Debbie Davis deleted most of what was on her Google calendar over the first weeks of April. "It was too depressing," she says, on a long phone call she likely wouldn't have had time for under normal circumstances.

Spring in New Orleans marks the start of the city's packed calendar of events that keep local musicians like Davis, a singer and occasional ukulelist, hopping for months. These concerts and festivals draw millions of residents and tourists out to celebrate, and bring with them a flood of adjacent gigs like private parties, destination weddings and conventions, all scheduled to take advantage of the balmy weather and active entertainment schedule. There's the Buku Music and Art Project, the Louisiana Cajun-Zydeco Festival and Mardi Gras Indian Super Sunday in March, the French Quarter Festival and the New Orleans Jazz and Heritage Festival in April, Bayou Boogaloo in May, the Creole Tomato Festival in June and the Essence Festival of Culture in July — just to name a few of the largest and longest-standing events. Thousands of musicians and other hospitality workers bank tens of thousands of dollars in South Louisiana in the spring, all the better to make it through long, hot summers when tourism drops and the threat of hurricanes looms.

Davis has to scroll back to early February to find a normal week's schedule for herself and her husband, Matt Perrine, a bass and sousaphone player. Between the two of them, she says, they averaged 15-20 shows per week. "You tuck all your nuts away," Davis said. "But now there are no nuts, and it's already winter somehow."

New Orleans festivals and concerts began to be canceled or postponed in early March, as the looming impact of the new coronavirus became apparent. The approved size of public gatherings in the city shrank quickly, from 250 people on March 13 per a statewide proclamation by Gov. John Bel Edwards, revised down to just 50 people four days later — the same time that bars, casinos and theaters were ordered to close and restaurants were limited to take-out and delivery service only. On March 20, New Orleans Mayor LaToya Cantrell issued a shelter-in-place order. During a press conference on April 14, she recommended that no 2020 festivals, some of which had already revealed new fall dates, should take place at all.

"My opinion is that all of that should be pushed back, period," she said. "Absolutely no large events as it relates to the year of 2020." The next morning, the Essence Festival – which reported more than half a million had attended its 25th anniversary events in 2019 – announced it would cancel the already-postponed 2020 festival. Around noon on April 16 Jazz Fest, which celebrated its 50th anniversary in 2019, officially canceled the 2020 event.
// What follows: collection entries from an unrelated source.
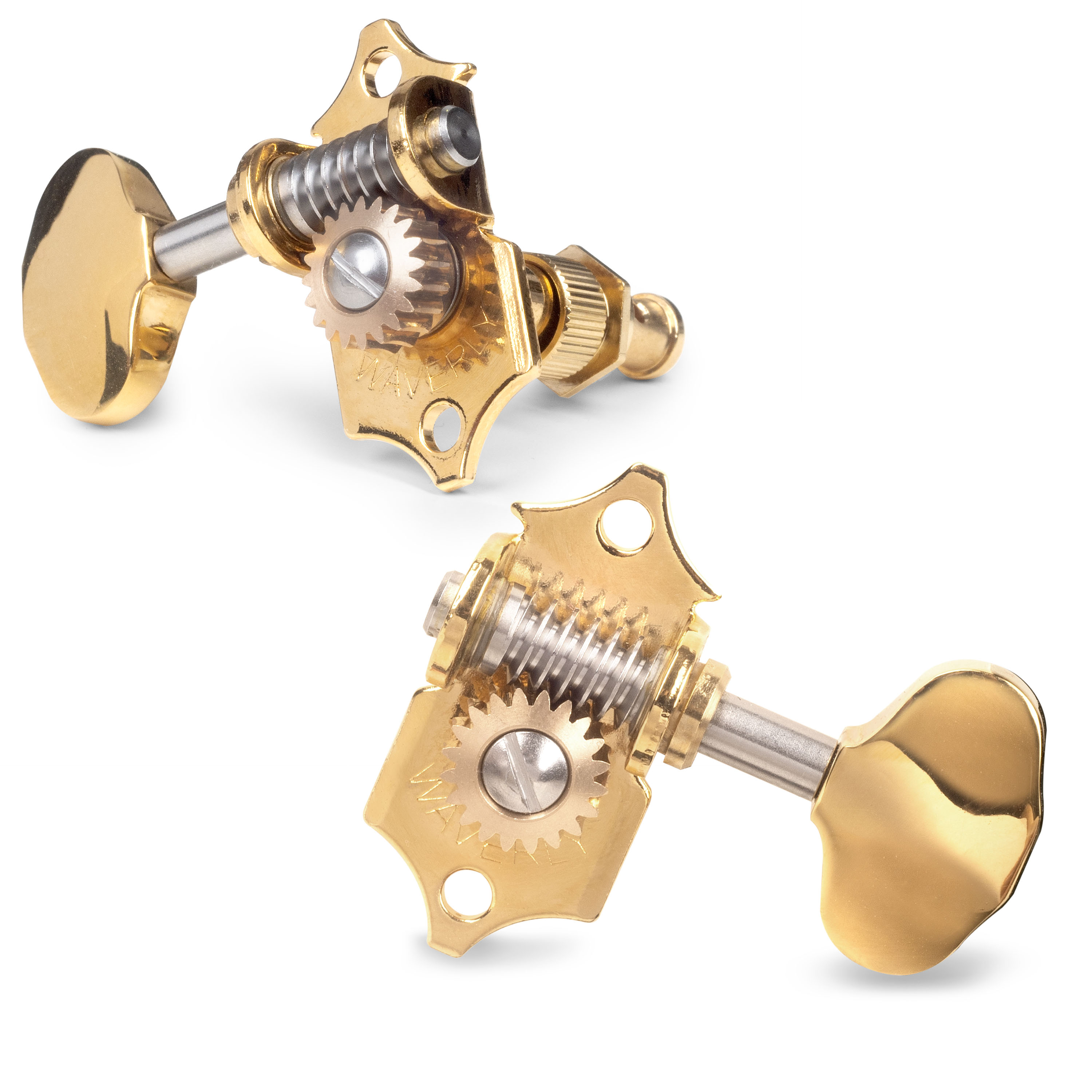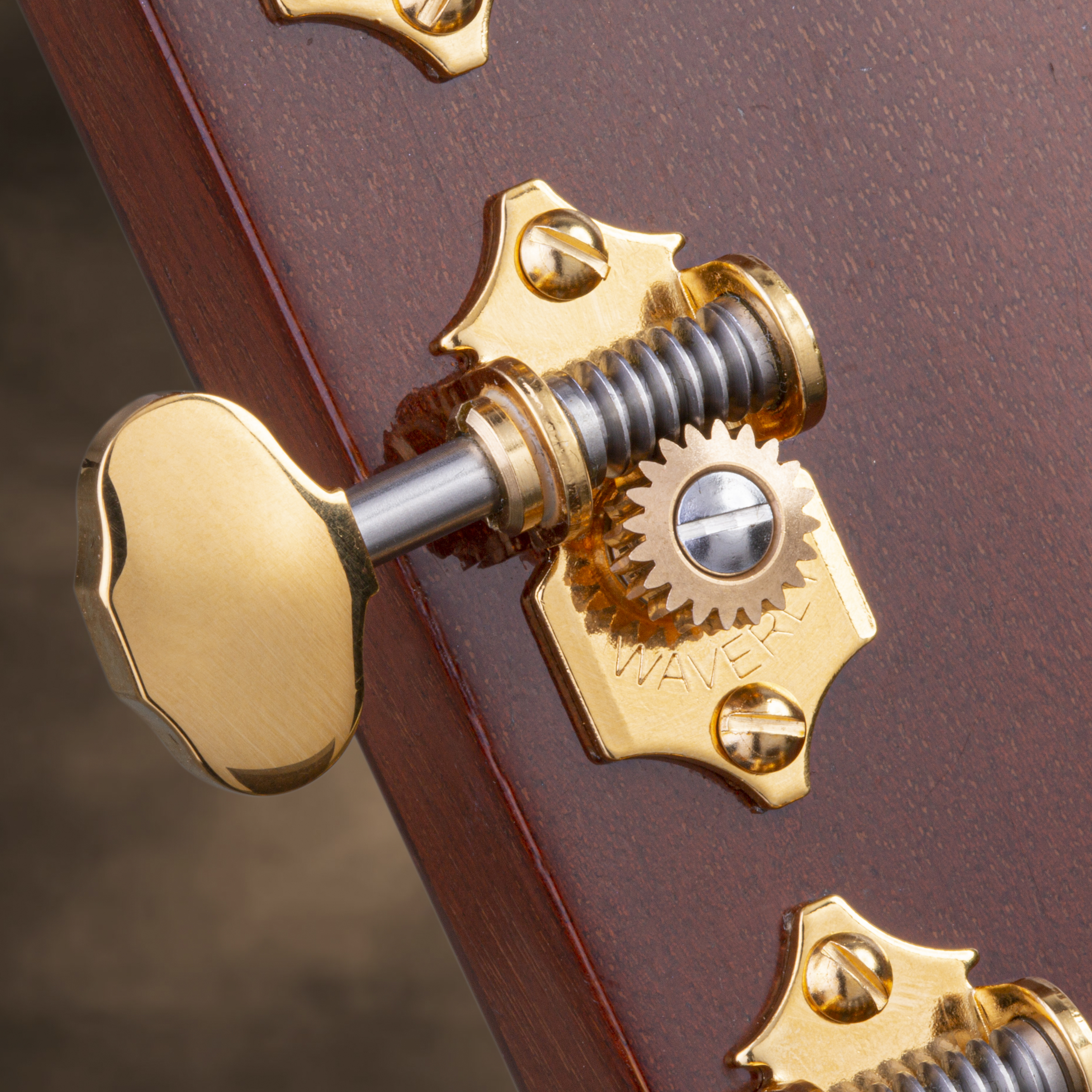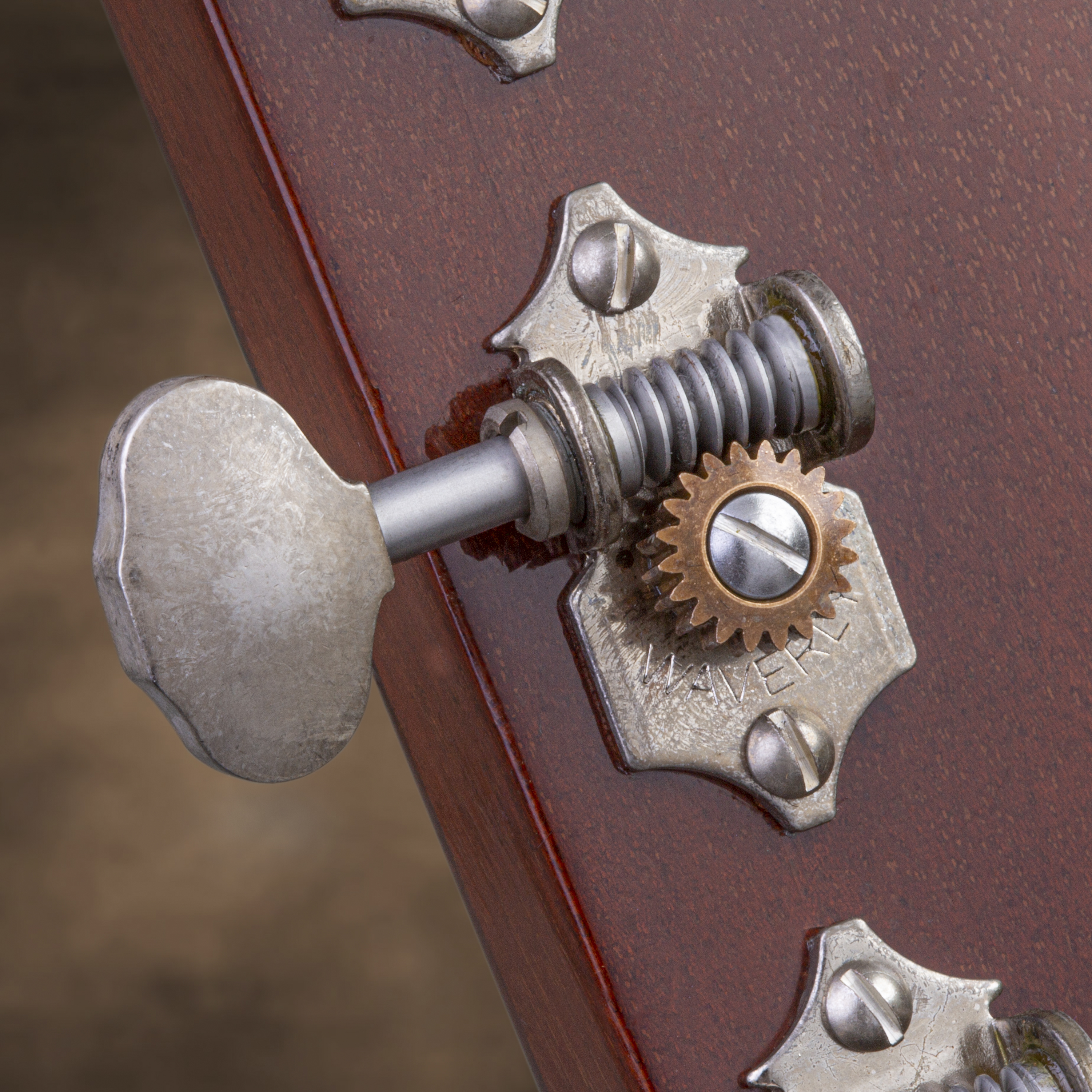Waverly utiliza solo materiales de la más alta calidad para cada parte del sintonizador. Los engranajes de aleación de acero inoxidable y bronce mecanizado son más clavijeros de calidad estándar.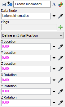 If Define an Initial Position is selected, these properties will be displayed. These define the initial location and rotation of the created kinematics.
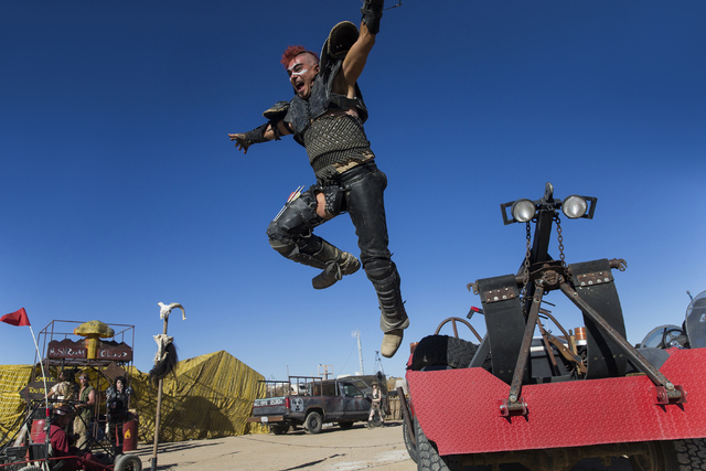 Steve Scholz leaps from his jeep during the seventh annual Wasteland Weekend on Friday, Sept. 23, 2016, in California City, Calif. The four day, post-apocalyptic festival takes place in the Mojave desert and is inspired by director George Miller’s Mad Max films. Benjamin Hager/Las Vegas Review-Journal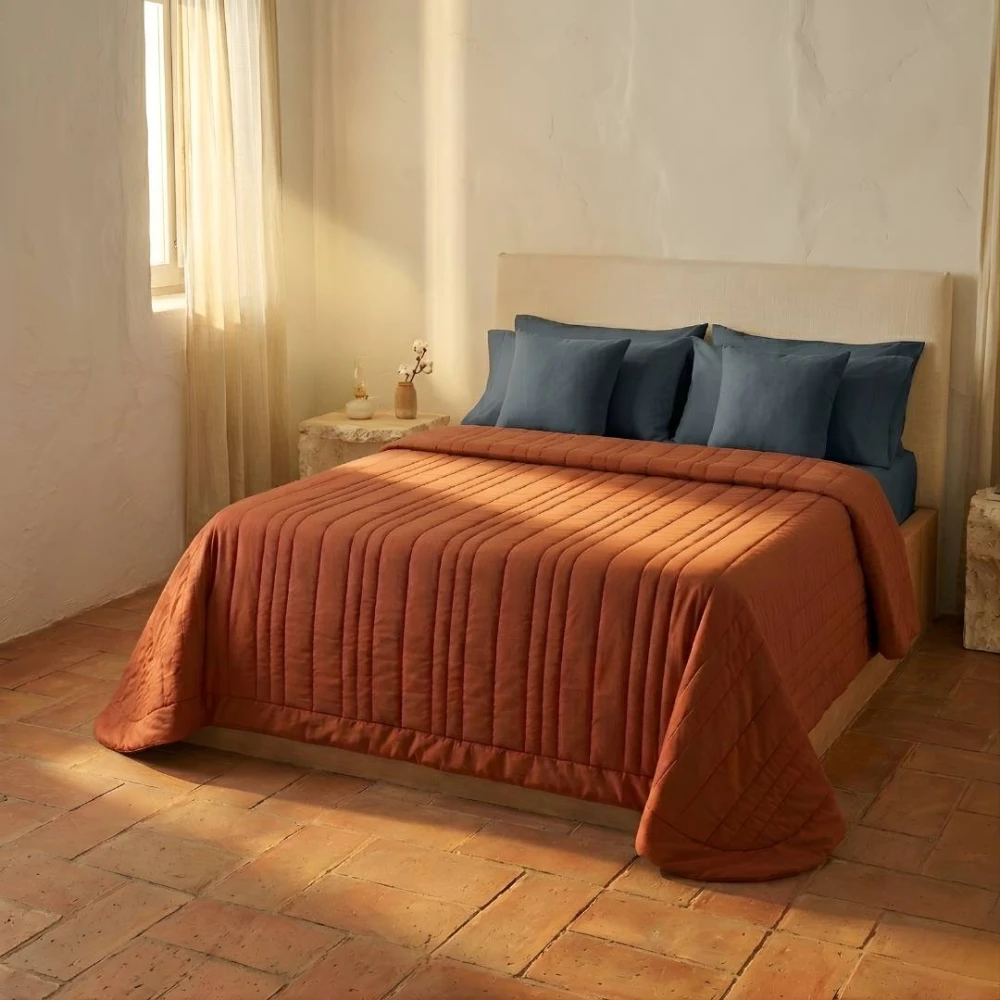 Profitez de la Fraîcheur et de la Douceur intemporelles de ce tissu à la finition mate, respirant et régulateur naturel de température.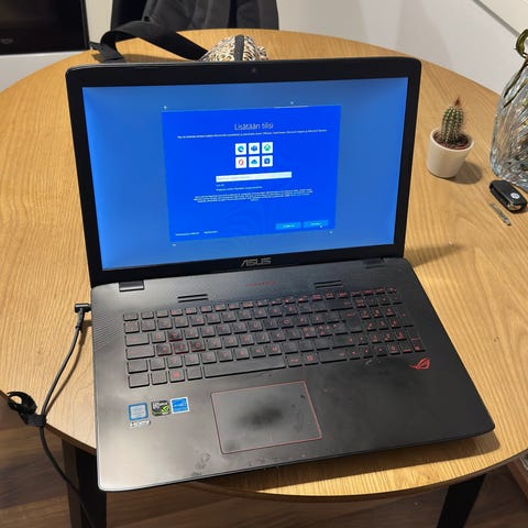 Myydään täältä käytettynä ostettu kuvien mukainen pelikannettava. Käytönjälkiä löytyy edellisen omistajan jäljiltä, mutta ei ole haitannut käyttöä, katso kuvat. Jostain näppäimistä merkit hieman kulunut. Mitään moitittavaa ei ole, pyörittänyt pelejä hyvin, eikä ole ongelmia ollut. Muistia on 477GB, Ramia löytyy 8,00GB ja graphics card 4GB. Mukaan saa myös laturin ja hiiren. Hinta 180 euroa posteineen tai nouto Heinävedeltä, ja voin myydä 150 eurolla.
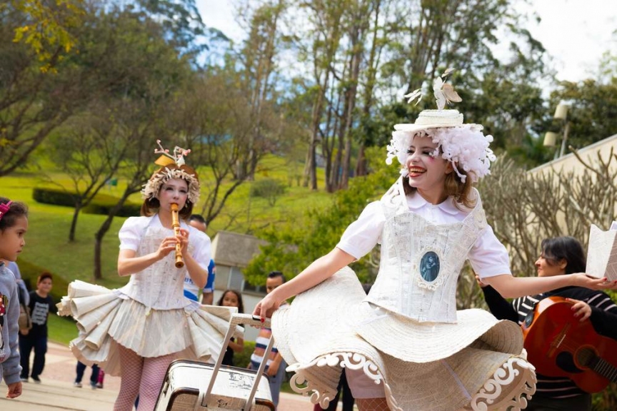 Nesse espetáculo para crianças e adultos, duas artistas estão vestidas de figurinos que lembram ilustrações de livros e passeiam por ruas e praças para contar pequenas histórias que duram entre 3 e 5 minutos cada uma delas.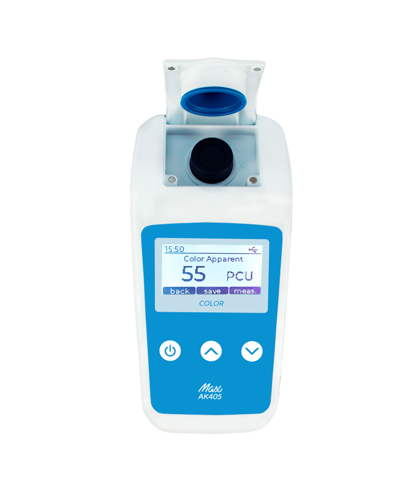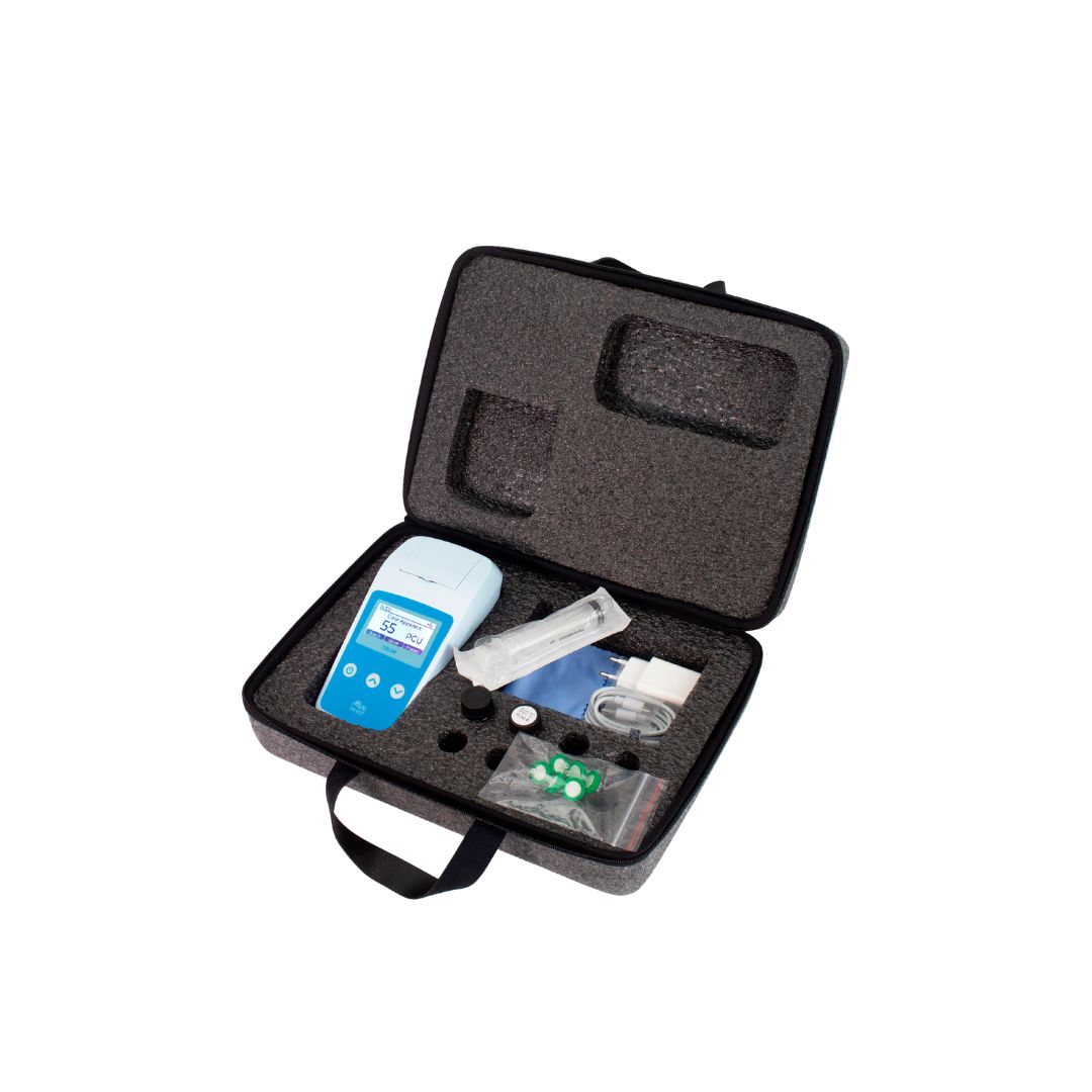 El fotómetro de color AK405 MAX realiza mediciones digitales utilizando el método Platino-Cobalto, considerado como el método estándar para medir el color en agua potable y aguas naturales. Este parámetro se utiliza para evaluar la potabilidad del agua. El fotómetro de color AK405 realiza análisis de color verdadero y aparente en el rango de 0 a 500 PCU, en el que el color verdadero es el resultado de medir agua filtrada, es decir, sin sólidos en suspensión, mientras que el color aparente se obtiene sin filtrar la muestra.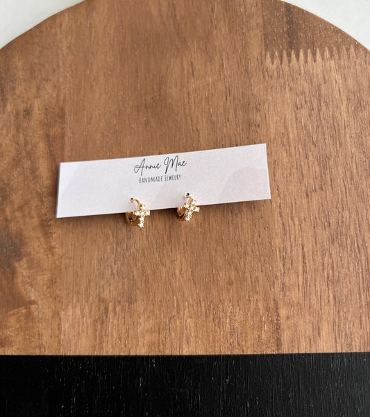 Gold Cross Huggie Hoops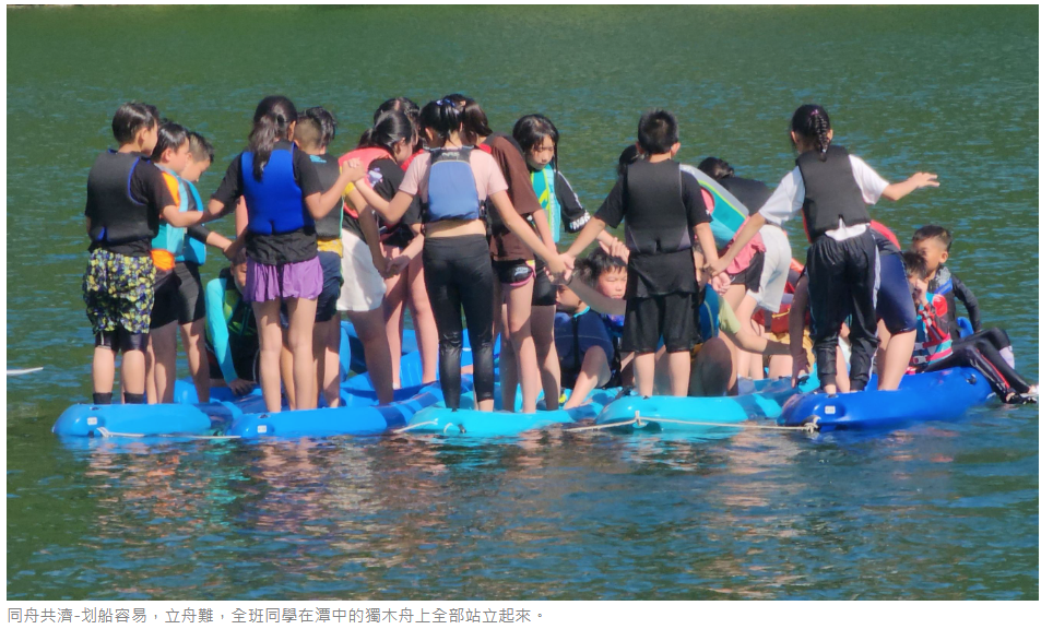第三站「同舟共濟」,划船容易,立舟難,全班同學在潭中的獨木舟上全部站立起來,這是非常大的考驗,過程中因為彼此沒有默契,或因重心不穩陸續落水,甚至因為急著分享自己的看法,聲音大到無法溝通,隨著落水次數增多,聲音開始變小,有開始伸出手,拉同學一把,有人互相幫助穩住重心,雖然經過40分鐘的努力才完成此艱難任務,但在過程中,孩子們學到「把心打開,聽到別人的聲音,看見彼此的重要」,這才是最難得的經驗。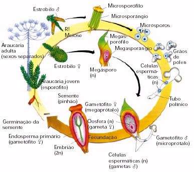 Quando o microgametófito contido num grão de pólen entra em contato com um macroesponrângio, ocorre a polinização. O grão de pólen lança o tubo polínico, pelo qual migram os núcleos espermáticos, que entram em contato com as células do macrogametófito para iniciar a fecundação. Nas gimnospermas, três dos núcleos do microgametófito degeneram e o restante se funde com o óvulo para formar o zigoto. Nas angiospermas, um dos núcleos espermáticos se une ao óvulo (a célula central de um dos polos) e o outro se funde com os dois núcleos da célula central, assim se constitui o endosperma, tecido de reserva que serve de nutriente ao embrião durante seu desenvolvimento.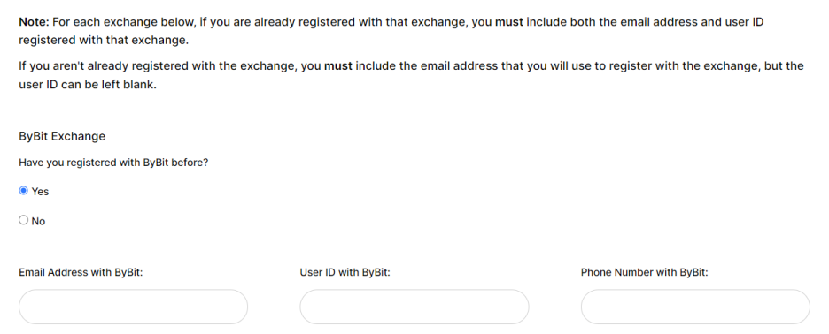 당신의 의견에 대해 감사합니다 스팸 폴더를 포함하여 앞으로 며칠 동안 이메일 받은 편지함을 주시하십시오. 제출이 성공적이면 3개 거래소(ByBit, OKX, KuCoin) 중 하나가 판매 참여 방법에 대한 지침과 함께 연락을 드릴 것입니다.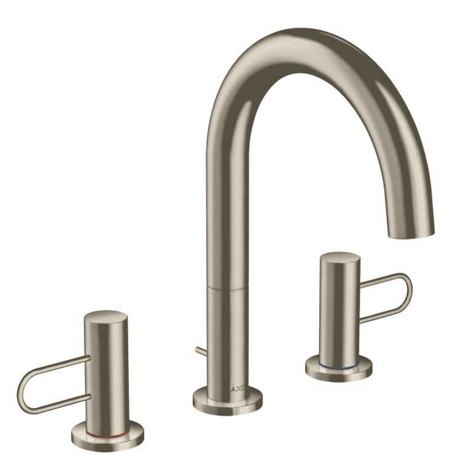 Kohoutková stojánková umyvadlová baterie s výpustí. V barevném provedení kartáčovaný nikl. Průtok baterie je 5 litrů/minutu. Výška baterie je 26,8 cm. Ramínko je ve výšce 15,7 cm. S matným povrchem.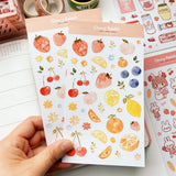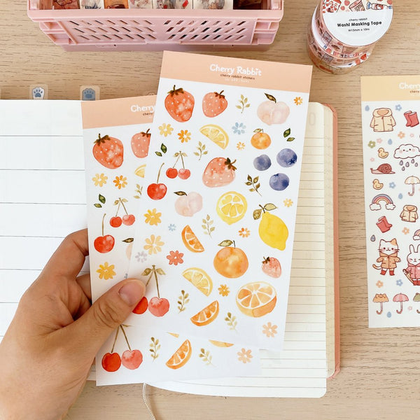 Cherry Rabbit Watercolor Fruits Sticker Sheet 044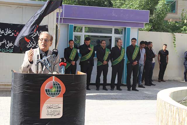 انطلاقاً من مبدأ التقارب والوحدة تحت راية الحق المبين أجريت صباح يوم الأربعاء الثالث من شهر محرم الحرام رفع راية الامام الحسين على مبنى جامعة أهل البيت عليهم السلام.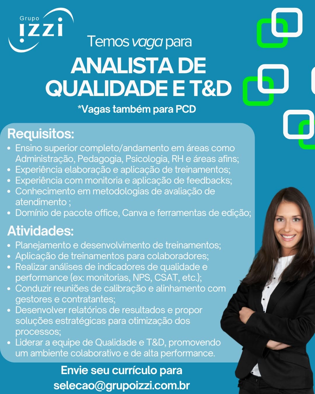 Nós não somos agência de empregos, não cobramos nada, nem antes e nem depois de você conseguir o seu emprego. Não somos nós que realizamos a seleção de currículos, também não realizamos entrevistas. Não nos responsabilizamos pelo envio de currículos. O envio de currículo deverá ser realizado pela pessoa interessada no e-mail que estiver na vaga.

The next day, the Voodoo Music + Arts Experience festival, which would have taken place Halloween weekend, well after the rescheduled October dates French Quarter Festival had floated, also canceled for the year.

Perrine and Davis have been working full-time as musicians in New Orleans since the late '90s. They've bought a home and raised two sons, ages 12 and 16, the older of whom now has a band himself — which also recently experienced its first canceled gig. Their situation isn't unusual.

"I don't know any other city, certainly in America, that supports this many full-time musicians through a gig economy," Davis says, noting that in other urban musical hotbeds, like Nashville or Los Angeles, working musicians tend to have more diversified revenue streams through studio work, songwriting, or even selling their own recordings. Like a lot of New Orleanian performers, Davis had self-released a new album in preparation for festival season (that she titled, with unintentional irony, Interesting Times). But the point of these albums, mostly, is to sell them at gigs, when the artist will make the most money off the direct sale and fans, caught up in the throes of festival-fueled joy, are most likely to want a souvenir of the experience.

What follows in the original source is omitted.